From the section "Portrait of a Millionaire" where she condenses his list from 22 to 16 items it shows some good editing with each of her items being more clear and distinct. Unfortunately, here is also where the first of many issues start to creep in. Since I have both I can compare them side by side and there are some oddities. Why doesn't the new version give the percentage of spouses that both work? What happened to homeowners, Private Education, or percentage of people that own stock?
Or more importantly, why is there no mention of how things have changed in the last 20 years since the publication of the original? This omission is hard to understand. The very people interested in a book like this, are the kind of people that would be interested in how things have changed over time.

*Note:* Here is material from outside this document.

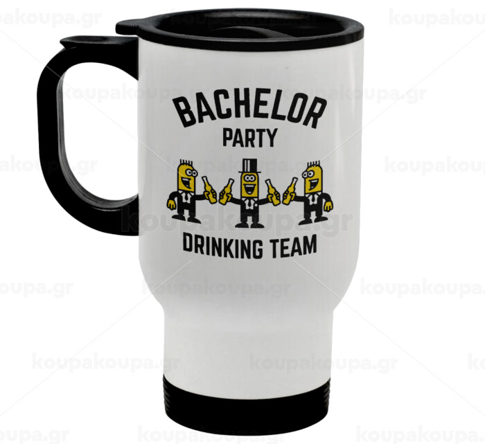 Bachelor Party Drinking Team, Stainless steel travel mug with lid, double wall white 450ml

As then after the first third or so, the book goes off the rails into pure Libertarian preachiness. It's not that I disagree with the Libertarian ideas, it's just that now I know enough to see dirty dishes in the corner. All of her "traits of the wealthy" are put into a very "hard work good, if you work hard you will be wealthy" spin. Again and again, cause and effect are conflated with causality.
At one point I think she is going to rise above and starts a paragraph about education with something like "Higher education does not mean you will get ahead, it just gives you a seat at the table to try". But then immediate falls back to the mantra that hard work and dedication is what it takes to get ahead and luck has nothing to do with it.
This eventually reaches its fever dream apex with "How do I categorize millionaires who inherited all or most of their wealth? I do not consider them to be fortunate. Actually, I think of them as being deprived. They were deprived of the great pride and satisfaction derived from building one’s own fortune."
Who would I recommend this to? If you are a large fan of the original, this update fixes lots of issues and is more concise and orgainzed. For everyone else, just move along.